'In The Center of Things'


By Gabe Joselow
Arizona Daily Wildcat
Thursday, April 1, 2004

Nearly 30 years after becoming the founding director of the Center for Creative Photography at the UA, Harold Jones - a man with an 11-page resumŽ and unforgettable eyebrows - is the curator of an exhibition about his own life.

Retiring from his position as professor of photography at the UA in May of 2005, Jones has been looking back on his life and selecting work for the show for more than a year.

"It's a very weird feeling to be working on your history," Jones said. "There's a certain aspect of it that I find uncomfortable, but it's very gratifying."

"In the Center of Things: A Tribute to Harold Jones," which opens Saturday, will exhibit photographs by various artists in the CCP collection that have been associated with Jones during different periods of his career.
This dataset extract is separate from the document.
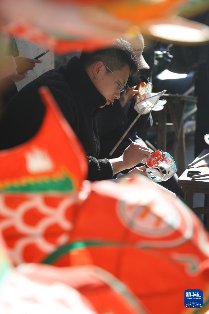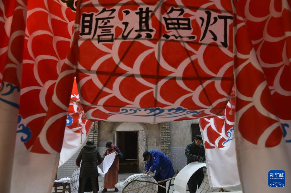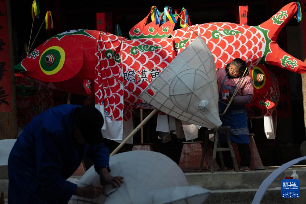 1月6日,在安徽省黃山市歙縣北岸鎮瞻淇村,村民在制作魚燈。

It just so happens that the photographers Jones has been associated with are some of the greatest photographers of the 20th century.

One section of the show is devoted to the photographers Jones worked with as director of Light Gallery in New York. The Light Gallery was a unique institution, as the first to exclusively represent and sell the work of contemporary, living photographers.

"We showed how their work evolved," Jones said.

Not only did Light Gallery exhibit the evolution of the individual artist, it exhibited changes in the medium as well.

Unconcerned with representing artists of any particular style or region, the gallery attracted a wide range of photographers. Among the 50 or so Light Gallery photographers represented in the exhibition are Alfred Stieglitz, Man Ray, Andre Kertesz, Aaron Siskind and Harry Callahan. These photographers are not only significant to Jones; they also made remarkable contributions to the art of photography. To see them together like this is to see part of the history of photography in the 20th century.

"To see that (Light Gallery) is still remembered and had such influence is a terrific thing," Jones said.

When Jones left Light Gallery for the CCP in 1975, he brought his dedication to the living artist with him. At that point, the center was hardly anything but an idea, the brain child of then-UA President John Schaefer and photographer Ansel Adams, operating out of a used dress shop. The center now houses the entire archives of 60 artists and about 80,000 individual works.

After two years as director of the CCP, Jones moved on to being a full-time professor of photography.

"The man teaching photography retired," Jones said, "and I thought God was sending me a message that I should go to the art department and teach and leave the center."

Jones devotes much of the exhibit to the work of UA faculty members who helped to shape the CCP as well as the photography program. The exhibit demonstrates its diversity again by including work from former faculty members, such as W. Eugene Smith, an acclaimed master of photojournalism; Todd Walker, a pioneer in digital imaging and videography; and Jones' own work along with the work of current faculty members, such as Keith McElroy and Carol Flax.

To begin a series of lectures on the exhibition, current CCP director Doug Nickel will discuss the center's future tomorrow at 6 p.m. in the CCP.